Faculty, staff and students participate in Kairos Blanket Exercise hosted by the CSMH
By:
Nicole Bullock
Thursday, June 22, 2017
National Aboriginal Day, or Solidarity Day, is celebrated each year in Canada on June 21st as part of National Aboriginal History Month. Celebrations and activities are held across the country in Indigenous and non-Indigenous communities to commemorate the culture, history, and contributions of the Indigenous peoples.
The Centre for School Mental Health and The Fourth R observed the day by taking the opportunity to host the Kairos Blanket Exercise. The Kairos Blanket Exercise is an interactive learning activity used by Mike Cywink, Student Mentor and Program Liaison for The Fourth R’s Uniting Our Nations in area schools and organizations as a teaching tool to demonstrate the historic and contemporary relationship between Indigenous and non-Indigenous peoples in Canada.
The exercise asks that participants take on the role of various Indigenous people in Canada. While standing on blankets that represent at first Turtle Island and then North America, participants walk step-by-step through the realities of pre-contact, treaty-making, colonization, and resistance in Canada. The leading facilitators play the role of narrator and European colonizers. Each member is directly involved in the activity through the distribution of reading scrolls and carrying cards which determine the outcomes of not only the participants acting as Indigenous people, but the thousands of others that have and continue to experience these traumas and hardships in reality. Participants become emotionally and intellectually engaged as the story advances. A smudging ceremony prior to the activity and debrief session following the exercise allow each of the respective attendees to confront the many emotions they may feel.
The development of the blanket exercise was reactive to the 1996 Report of the Royal Commission on Aboriginal Peoples (read more here). This document recommended education on Canadian-Indigenous history as one of the many key steps to reconciliation. The blanket activity covers over 500 years of history among these groups in a one and a half hour participatory workshop.

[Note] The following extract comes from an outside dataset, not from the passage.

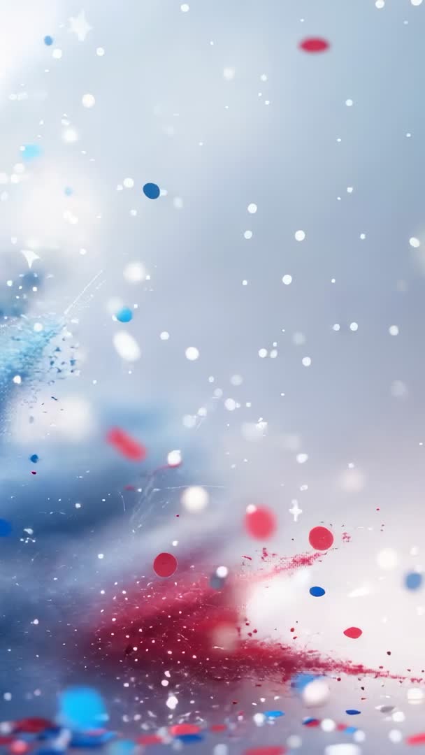 - Vertical video red white blue confetti particles bursting and fading over pale blue bokeh

Cywink and Susan Dale, Program Development & Implementation Coordinator for The Fourth R facilitated the exercise with 30 participants comprised of staff, faculty, and students from the Faculty of Education. Mike and Susan have led this exercise many times under the request of teachers, students, trustees, and additional organizations in the London area. Although the exercise is a chance for participants to learn the true history and current relationships of Indigenous and non-Indigenous peoples, Mike reflects on the exercise as follows, "As a First Nation man, the blanket activity isn't a fun, enjoyable facilitating experience for me. The reason I do it, is because of the importance of the information, message and reality it presents. 90% of the time afterwards, participants are like "wow, I had no idea that happened." To move forward, we must have an understanding of each other, and part of that understanding is knowing the true history of Canada when it relates to First Nations people."